Schaffer’s very preface locates Kashmir in the context of “two immediately hostile states (successors to the British India Empire), predominantly Hindu India and Muslim Pakistan”. In a numerical sense the description fits. But was that and is that the essential political reality? Then there is reference to US Admiral Chester Nimitz being appointed plebiscite administrator for J&K. As plebiscite negotiations floundered, “American policymakers increasingly questioned India’s goals and blamed New Delhi’s intransigence for the continuing impasse”. While talking demilitarization in J&K, the US had by 1950 taken on Pakistan as a cold war ally, insisted that Nimitz be the Plebiscite Administrator and then forgot the fundamental terms of the governing UN Resolution of August 13, 1948. J&K is perhaps the only case since the second world war when an aggressor, Pakistan - so found by the UN Representative, Owen Dixon, (and later confirmed in graphic detail by the Pakistan military officer, Akbar Khan, who led that officially-blessed enterprise - has been rewarded and its victim pressured to accommodate the violator.

There is little or no reference to the military acquisition of PAK and the Gilgit-Baltistan Area in J&K by Pakistan in violation of the UN mandate or to the total lack of self-determination that prevails there to this day.

In 1948, the US endorsed “the legal validity of Kashmir’s accession to India”.
Yet, this understanding “was not set in concrete” and “was later superseded by a more authoritative State Department finding that backed away from that conclusion”. Interesting! When and why did this tectonic shift occur in face of the UN’s own stated understanding of the matter? After Pakistan formally became a military ally? And in the same manner in which the US unilaterally redrew the northernmost segment of the cease fire line to run northeast to a point near the Karakoram Pass at India’s cost, during the period 1967-70 when Pakistan had become a diplomatic conduit to China?
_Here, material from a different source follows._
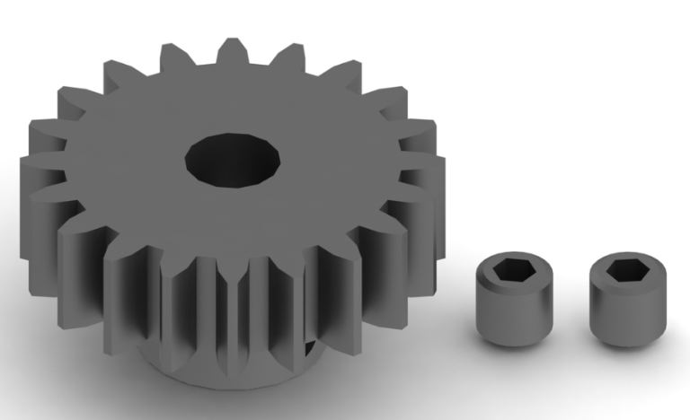 Profilo dentato di precisione per un funzionamento regolare – Doppi fori per viti di precisione per il montaggio di viti di arresto su entrambi i lati dell’albero motore per un montaggio extra sicuro – Per il montaggio su un albero motore da 5 mm. COMPRENDE: 1 x Pignone in acciaio 22T MODULO 1 2 x Grani M4x4mm

Shaffer tells us that pessimism over Frank Graham’s mediatory role in J&K, led the US to contemplate asking the Security Council to recommend seeking from the International Court of Justice an advisory opinion on the legality of Maharaja Hari Singh’s accession to India to “knock out” India’s arguments for its “occupation” of Kashmir. And in due course the Kashmir “Question” has become the Kashmir “Dispute”.

Operation Gibraltar, Pakistan’s repeat invasion of J&K in 1965 was clearly exposed by the Australian General Nimmo, heading the UN Military Observer Group in 1965. But it is indirectly blamed on India’s obduracy in not vacating a peak just north of Kargil which Pakistan was using to interdict the Zoji La-Leh strategic highway.

And so it goes on, glossing over Pakistan’s building up of the Taliban, its launching of cross border jihadi and terror attacks on India, the extraordinary antics of Dr A.Q Khan in spreading nuclear proliferation – all with the knowledge and even encouragement of the US. (Ref the latest UN Inquiry Commission Report on the Assassination of Benazir Bhutto, April 15, 2010).

Schaffer’s is not a bad book. It is valuable as an exposition of the American point of view. But when shall we read an Indian book based on solid Indian source material. This is, alas, still squirreled away for termites to eat, as happened again this year with India’s huge wheat hoard while people starved.